BLIB produces first class instructors
BLIB produces first class instructors
By Ridwan M. Sijabat
BANDUNG (JP): Name the most prestigious college in this city
and every one will agree it is the Bandung Institute of
Technology (ITB). But Bandung is also home to dozens of top notch
colleges to stake the city's claim as one of Indonesia's main
centers of excellence. Something about the Bandung air and
atmosphere, it seems, makes it an ideal place to study.
One institution that decided to capitalize on this is the
Balai Latihan Instruktur Bandung (BLIB), or the Bandung
Instructor Training Center. Founded in 1989, the center is
intended to provide a place where people get the education and
training in instructorship, and some apprenticeship to allow
trainees clock some "flying hours" to start with.
Then they are sent to become instructors at various vocational
training centers all over Indonesia.
But that is as far as it goes. The center is producing
instructors. It has no pretense that it is producing
professionals in their respective fields of work.
One trainee recognizes its limitations.
"After nearly three years of studying at the center, I'm not
sure that I will become a professional welder. Because my `flight
hours' in welding is still low," 35-year-old Siswanto from Dili,
East Timor, told The Jakarta Post.
Siswanto and 39 other trainees are now working hard to
complete the training program and earn the college's diploma to
make them qualified instructors. They will be able to practice
their skill but only as instructors, at least for a number of
years after their graduation.
The trainees are all employees of the Ministry of Manpower.
They are staff of the ministry's vocational training centers.
Upon their completion at the Bandung center, they will be sent
back to where they came from. For the moment at least, they can
forget about lucrative pay in the private sector because they are
tied to a government job.
Not easy
Siswanto says a professional welder can earn up to Rp 5
million a month working in a shipyard or with an oil company.
He says welding is not easy work and a welder needs many years
of experience before he can call himself a professional. "You
can't compare it with everyday welders who don't know the art of
welding. Welding sheets of metal or aluminum to make tanker ship
or aircraft is quite different from welding pieces of metals
together to make a fence."
Didik Sofyan from Surabaya, who is specializing in machining,
says he finds the program very demanding and all encompassing.
"We're not only required to learn how to operate machines, we
are also expected to be able to make tools needed to repair
broken machines," he said.
Didik said he has already mastered operating a computer,
manual lathe machines, milling machines, and tool-grinding
machines.
The training center has it all, or almost all the equipment
that it needs to train would-be instructors. Teaching and
supervision in the program is run by nine people who were trained
in Germany.
Joint design
The training program was designed jointly by the Ministry of
Manpower, being the main user of these instructors, the Baden-
Wurttemberg state government in Germany, and the Bandung Teachers
Training Institute (IKIP).
In the five years of its operation, BLIB has already produced
over 300 qualified instructors.
That is hardly enough.
The Ministry of Manpower has 153 vocational training centers
employing 2,300 instructors all over the country.

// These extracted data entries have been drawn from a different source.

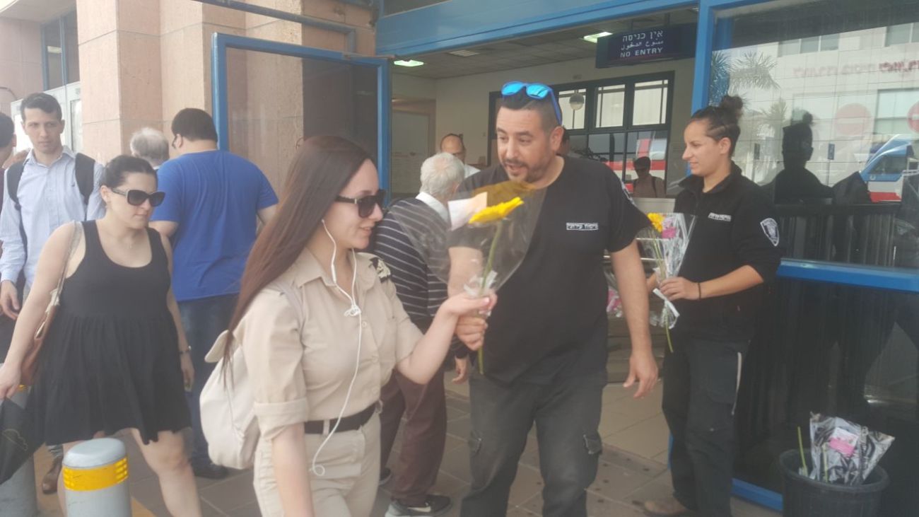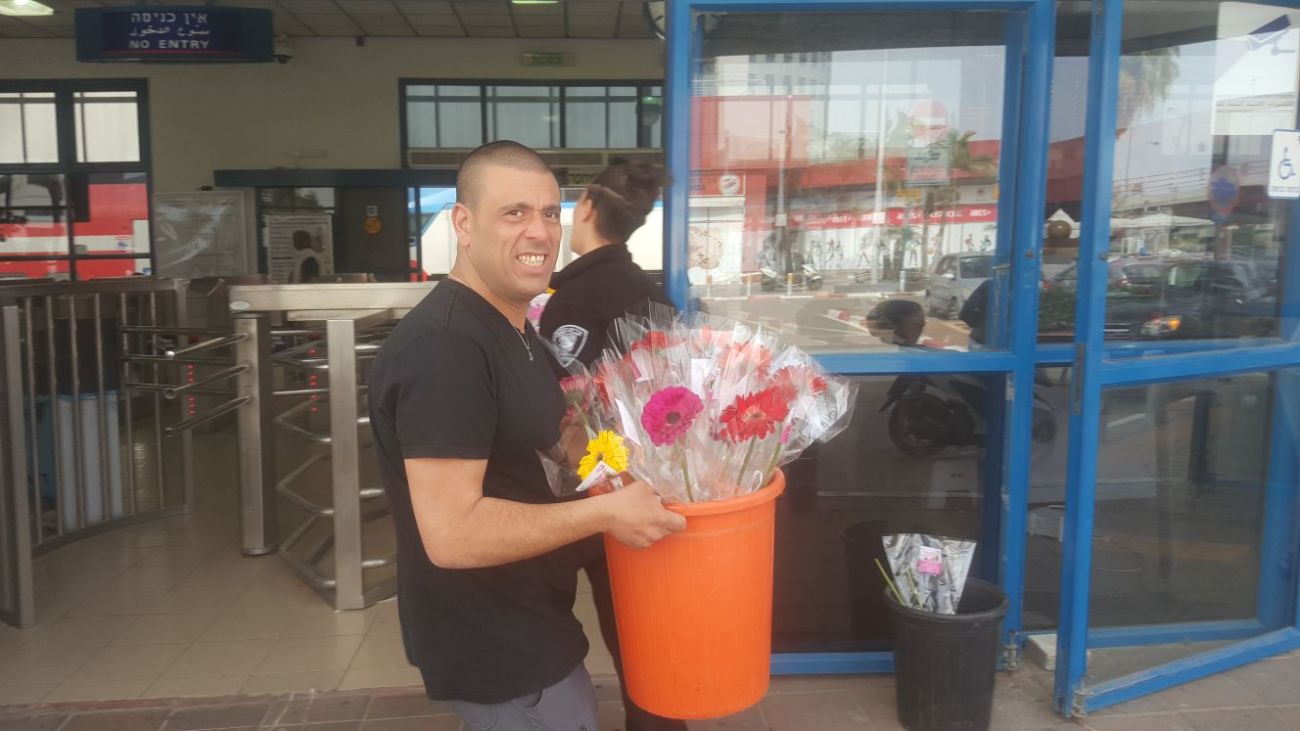 לא רק הנשים קיבלו פרחים: גם גברים ניצלו את ההזדמנות לקחת פרח לאשה שאיתם...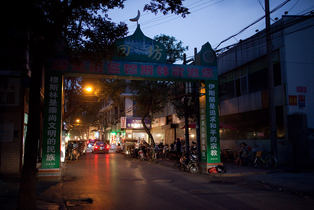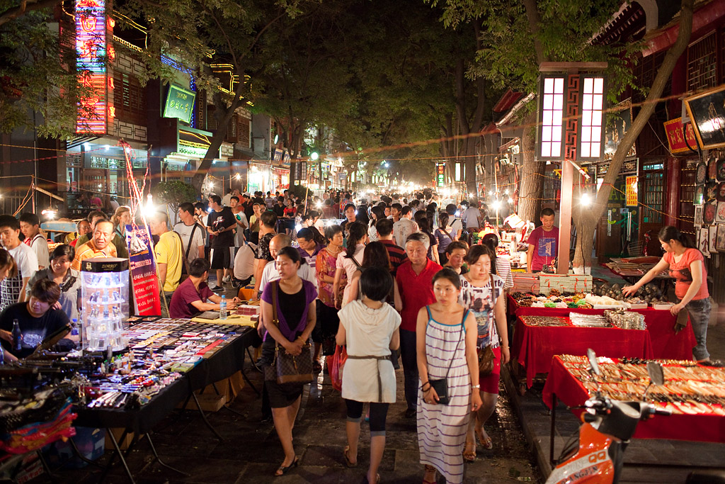 So gegen 14:30 Uhr war ich wieder in der Stadt. Schon ab morgens war es sehr warm und gegen Mittag konnte man sich selbst Schatten spenden, was gegen die Hitze oberhalb von 30 Grad aber auch nicht wirklich half. Nach etwas Herumlaufen bin ich daher erst mal ins Hotel und erst mit Einbruch der Dunkelheit wieder raus. Interessant ist in Xi’an das Moslemviertel mit viel Altbau und belebten Straßen. Diese gehen nahtlos über in den Souvenirmarkt hinter dem „Trommelturm“. Als es einen sehr kurzen Schauer gab brach auf dem Markt eine Art Panik aus, als die Verkäufer ihre Ware in Sicherheit brachten oder große Schirme aufspannten. Nach 10 Minuten war der Spuk vorbei und es blieb ab dann trocken.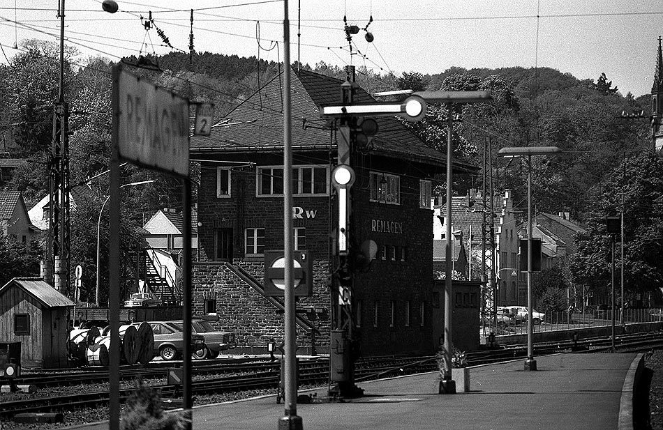 Am 11.05.1980 erkennt man hinter den mechanischen Signalen an Gleis 2 Richtung Bonn das Stellwerk Remagen West (Rw).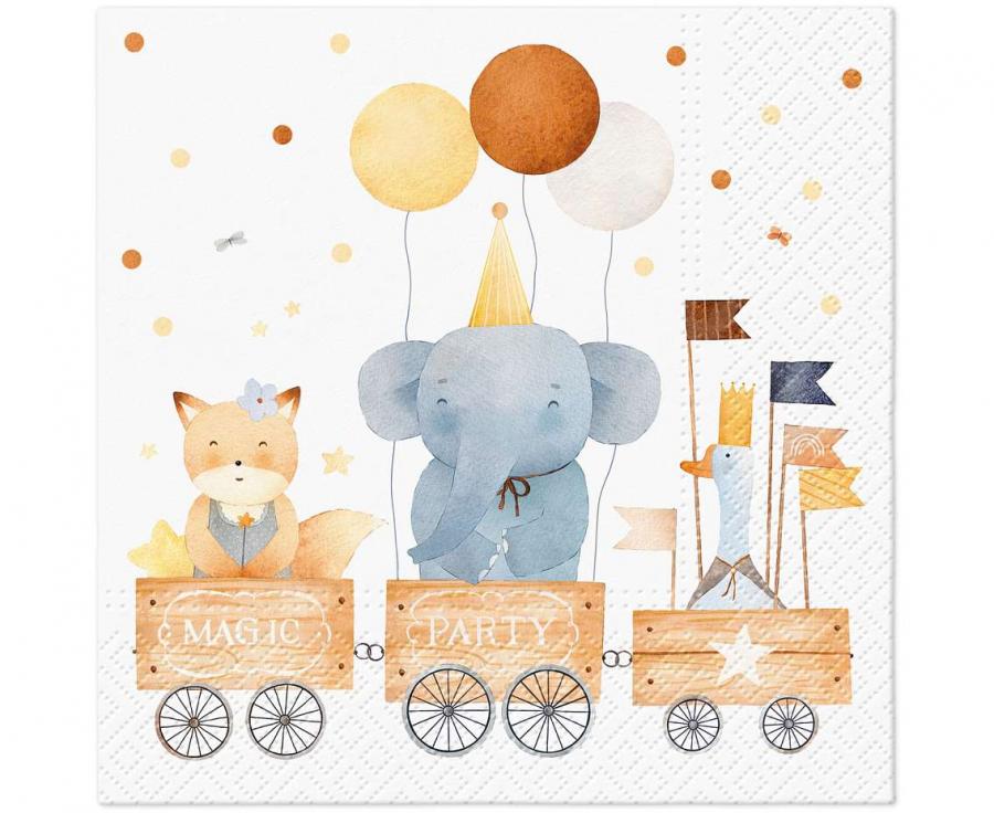 Serwetki PAW Zwierzątka w pociągu 33 cm x 33 cm 20 szt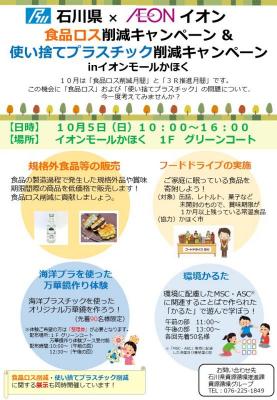 県では、環境への負荷が少ない循環型社会の実現に向けて、食品ロス削減と使い捨てプラスチック削減の取り組みを進めているところです。今般、その取り組みの一環として、県と包括連携協定を締結しており、「美味しいいしかわ食べきり協力店」、「使い捨てプラスチックの削減に関する協定」の取組にも参加いただいているイオン株式会社と連携し、10月の「食品ロス削減月間」と「3R推進月間」にあわせて、食品ロス削減キャンペーンと使い捨てプラスチック削減キャンペーンを同時に開催します。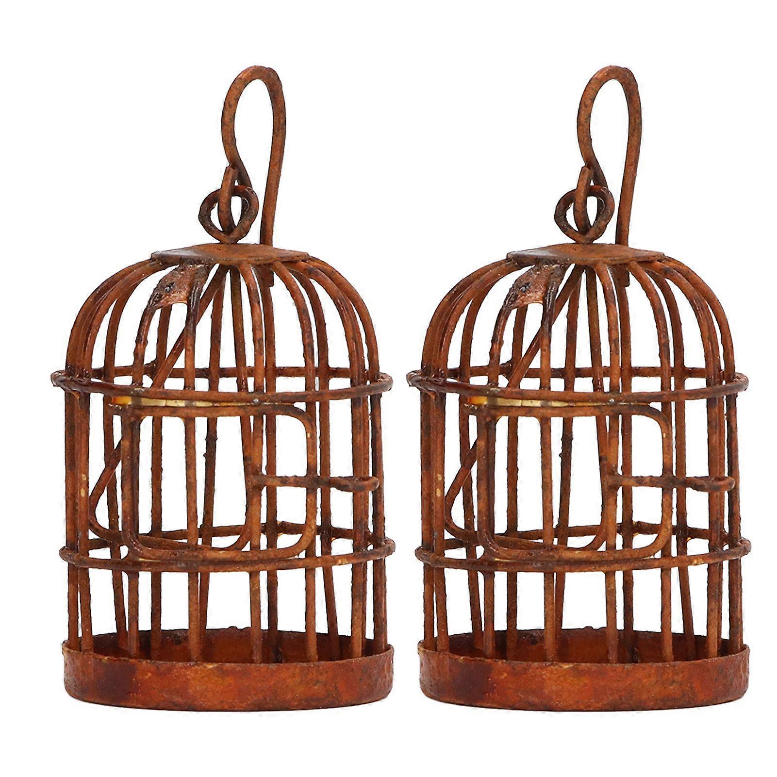 2pcs Dollhouse Iron Birdcage Rusty Simulation 1:12 Scale Metal Bird Cage for Dollhouse Accessories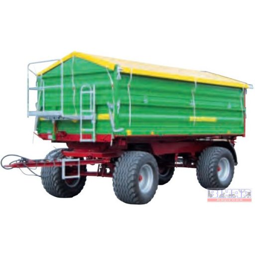 Két-tengelyes, három oldalra billentő pótkocsi.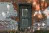Closeup view of wooden door with metal slates to a brick structure.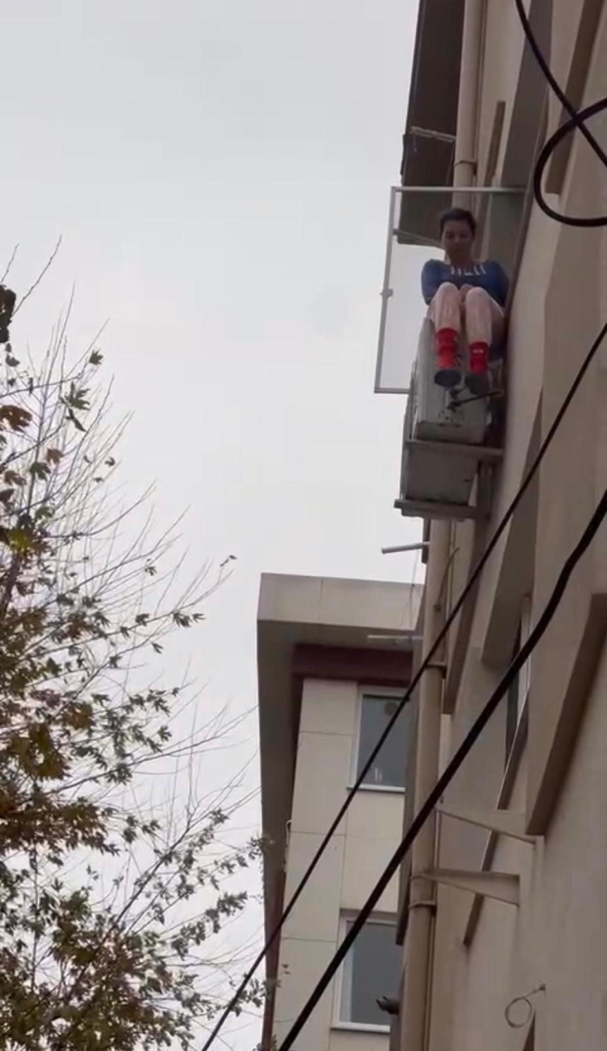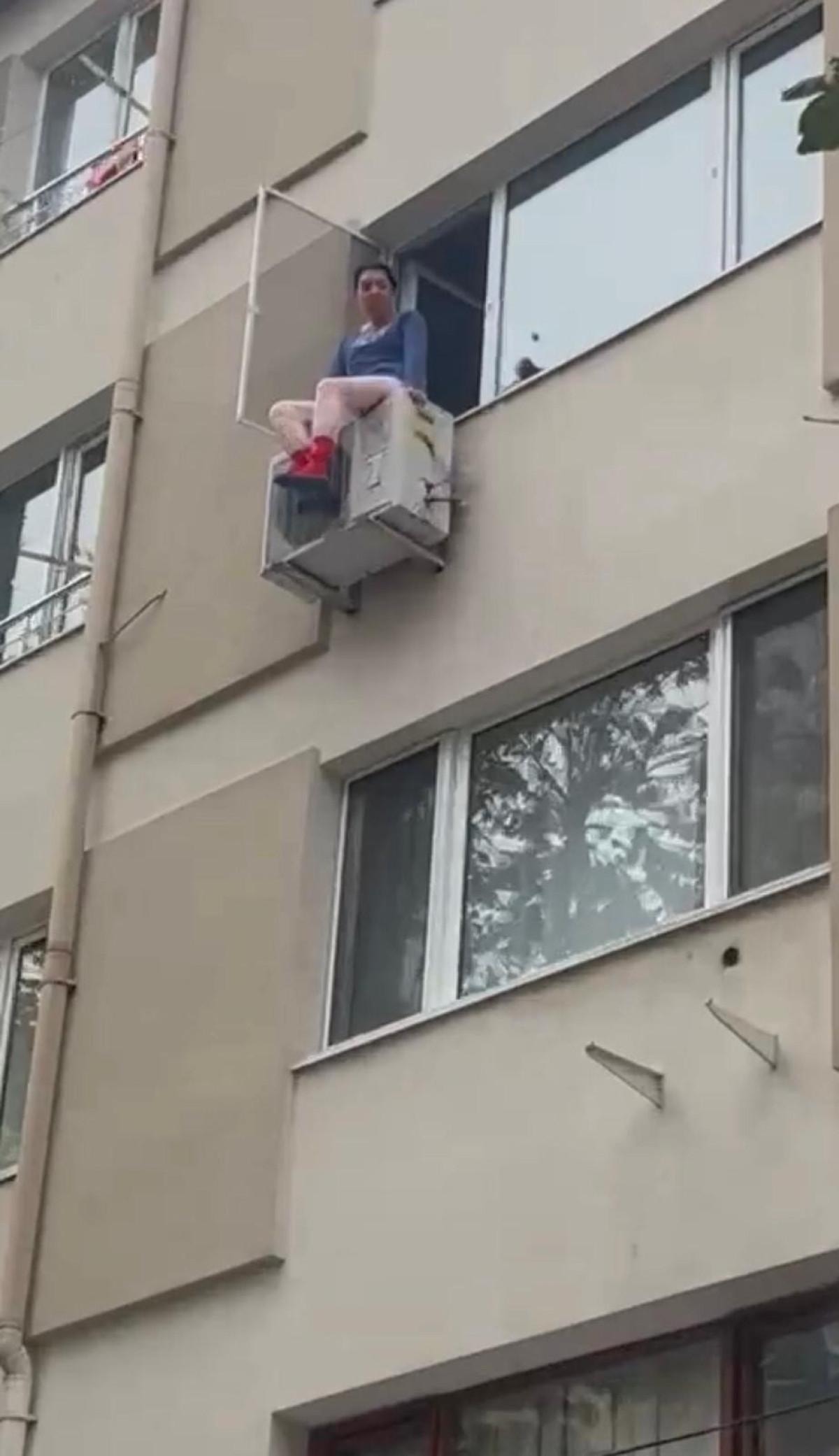 Kadın, alkolün de etkisiyle pencerenin önündeki klima motorunun üzerine çıktı.

Now that the vocational training centers are being revamped by
Minister of Manpower Abdul Latief to provide the basis of his new
industrial apprenticeship program, the presence of qualified
instructors is even more crucial.
Many of these vocational centers at present suffer from a lack
of credibility, in part because of poor facilities, but also in
part because the instructors are hardly qualified.
To beef up the credentials of the instructors trained at BLIB,
the center is working with local manufacturing industries to
provide them with a two-month apprenticeship stint.
This will give the instructors some idea of what it is like in
the real world.
Useful
Supandi, a 37-year old trainee from Jayapura, Irian Jaya, says
he finds the apprenticeship very useful.
His two-month experience at a garment factory allowed him to
know about the production process in the factory and the levels
of skill sought by the industry world. "Sure I learned a lot. Now
I can recognize the qualifications needed by the industry."
Eddy Daud, the coordinator of BLIB education and training
program says the trainees also attend classes at the school of
technology the Bandung Teachers' Training Institute.
"They learn mechanic technology, applied mathematics,
technical drawing and vocational pedagogy," he said. "Forty
percent of the 5,000-hour program is for theory. The 60 percent
goes into training."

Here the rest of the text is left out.